Si fuera necesaria una regla, Pawel Pawlikowski no es la excepción sino, más bien, uno de los máximos cultores del reino visual del este europeo. Y ocurre esto a tal extremo que sus imágenes, desgarradoras de belleza, corren el riesgo de causar cierta sangría en sus films. Ida representa quizás el trabajo más emblemático y destacado de Pawlikowski, conocido por la producción inglesa Mi verano de amor (2004), protagonizada por Emily Watson.

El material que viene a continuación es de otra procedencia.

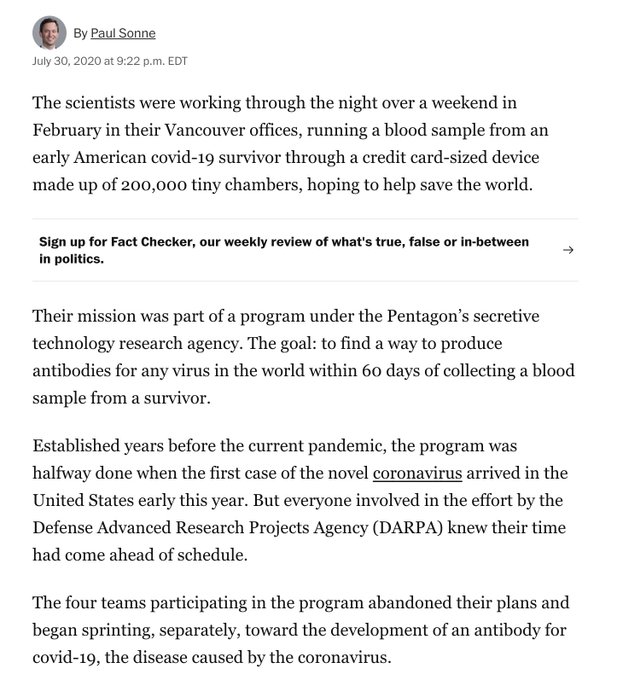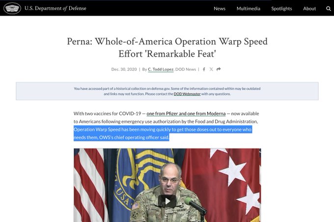 (15/17) Army Genral Gus Perna was the Chief Operation Officer of Operation Warp Speed. DARPA, the Defense Advanced Research Projects Agency, developed the tech for the COVID injections starting more than a decade prior to 2020. Source: https://www.defense.gov/News/News-Stories/Article/article/2459464/perna-whole-of-america-operation-warp-speed-effort-remarkable-feat/ Source: https://www.washingtonpost.com/national-security/how-a-secretive-pentagon-agency-seeded-the-ground-for-a-rapid-coronavirus-cure/2020/07/30/ad1853c4-c778-11ea-a9d3-74640f25b953_story.html

De padres desconocidos, Ida (Agatha Trzebuchowska) es una novicia de un convento rural; una tarde su tía Wanda (Agata Kulesza) la lleva por unos días a su casa en Lodz. En la estancia, Ida contempla los vicios de posguerra de Wanda, las noches de jazz y alcohol, las tardes de Beethoven y una atmósfera nihilista que contrasta con su fe, así como la revelación, troncal en el film, de que su familia era judía y, casi como silogismo, cayó víctima del Holocausto.
Afirmadas, envalentonadas por la unión, Ida y Wanda persiguen las huellas de la desaparición familiar, con un ascetismo de blanco y negro que no tiene referente en films sobre el Holocausto sino, más apropiadamente, en los tesoros clásicos de Bresson y Bergman. Pero el Holocausto no es el único foco para el director, cuyo rigor va de la mano con el entorno de una Polonia escindida bajo el control soviético. Hay gran belleza en la utópica relación de Ida con un joven saxofonista, a quien conoce en el night club favorito de Wanda (un encuentro dispar pero secular; ella sigue a Dios, él a John Coltrane). El blanco y negro opalescente, que convierte a las escenas en una secuencia de logros fotográficos, muestra a Ida bajo la luz de Vermeer y luego como la Juana de Arco de Carl Dreyer. Pero en este trabajo deslumbrante, sin embargo, Pawlikowski comete un pequeño sabotaje, revelando una ambición a contramano con la morosidad y austeridad que son logros inobjetables del film.